Exercise brief
Please give back, exactly as written, the lines from the line with "Mexen Leo Graniittinen" to the line with "- Уложите ветки" in the listing below, leaving out all pictures.

Records supplied
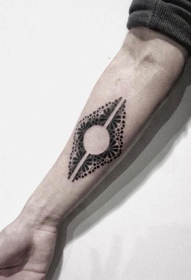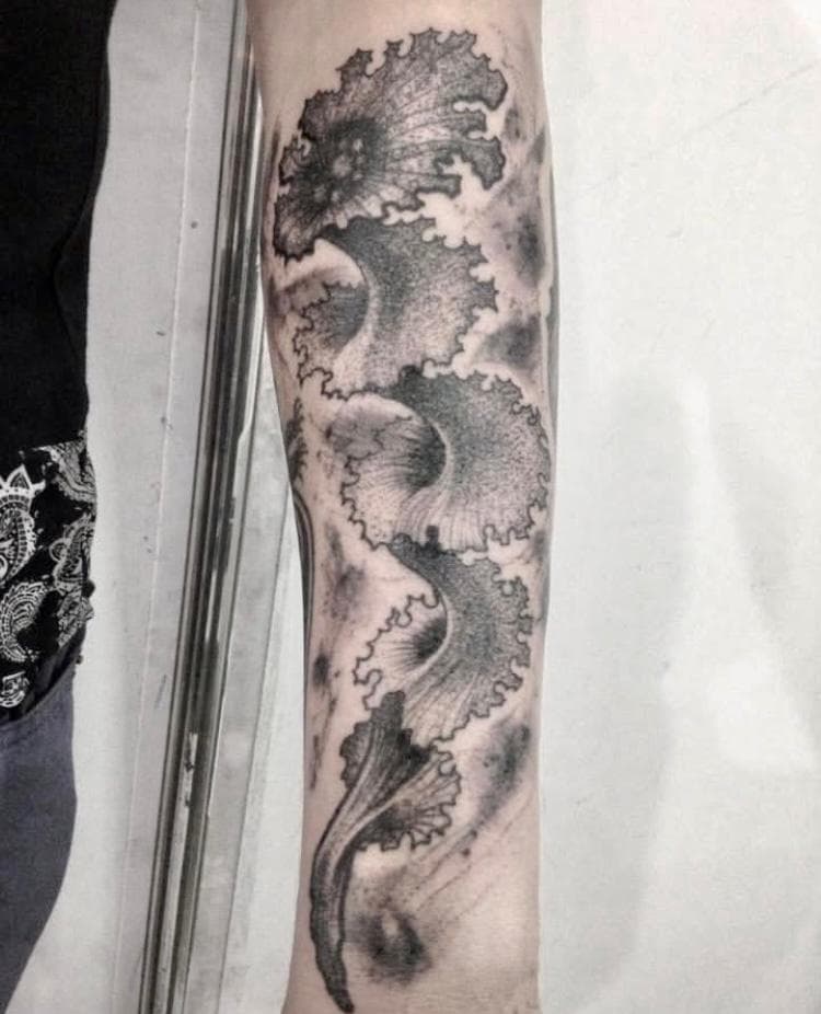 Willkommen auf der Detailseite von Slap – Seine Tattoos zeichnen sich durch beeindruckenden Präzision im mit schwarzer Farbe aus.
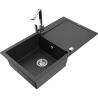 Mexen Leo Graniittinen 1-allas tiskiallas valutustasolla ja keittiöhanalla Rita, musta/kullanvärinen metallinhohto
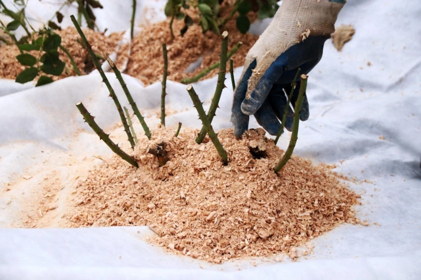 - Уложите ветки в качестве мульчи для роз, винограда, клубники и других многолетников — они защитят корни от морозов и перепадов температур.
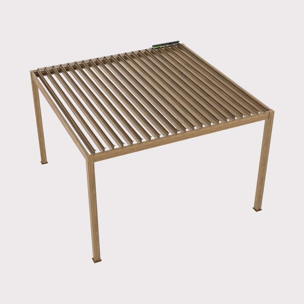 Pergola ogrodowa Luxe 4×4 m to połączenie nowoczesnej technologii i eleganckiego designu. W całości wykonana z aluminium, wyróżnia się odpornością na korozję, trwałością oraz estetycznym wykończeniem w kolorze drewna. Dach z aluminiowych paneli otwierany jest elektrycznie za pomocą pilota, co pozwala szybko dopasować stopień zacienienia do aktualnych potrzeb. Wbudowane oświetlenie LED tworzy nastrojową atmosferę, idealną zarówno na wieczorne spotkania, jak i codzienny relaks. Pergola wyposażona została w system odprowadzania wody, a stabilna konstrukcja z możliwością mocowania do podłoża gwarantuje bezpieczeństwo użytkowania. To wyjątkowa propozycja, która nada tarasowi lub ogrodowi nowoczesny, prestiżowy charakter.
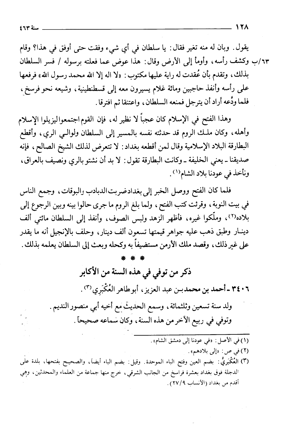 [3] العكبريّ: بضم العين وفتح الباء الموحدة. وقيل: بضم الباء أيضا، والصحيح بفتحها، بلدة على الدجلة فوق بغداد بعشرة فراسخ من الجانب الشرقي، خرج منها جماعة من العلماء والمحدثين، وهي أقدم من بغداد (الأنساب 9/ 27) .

Written solution
 Mexen Leo Graniittinen 1-allas tiskiallas valutustasolla ja keittiöhanalla Rita, musta/kullanvärinen metallinhohto
 - Уложите ветки в качестве мульчи для роз, винограда, клубники и других многолетников — они защитят корни от морозов и перепадов температур.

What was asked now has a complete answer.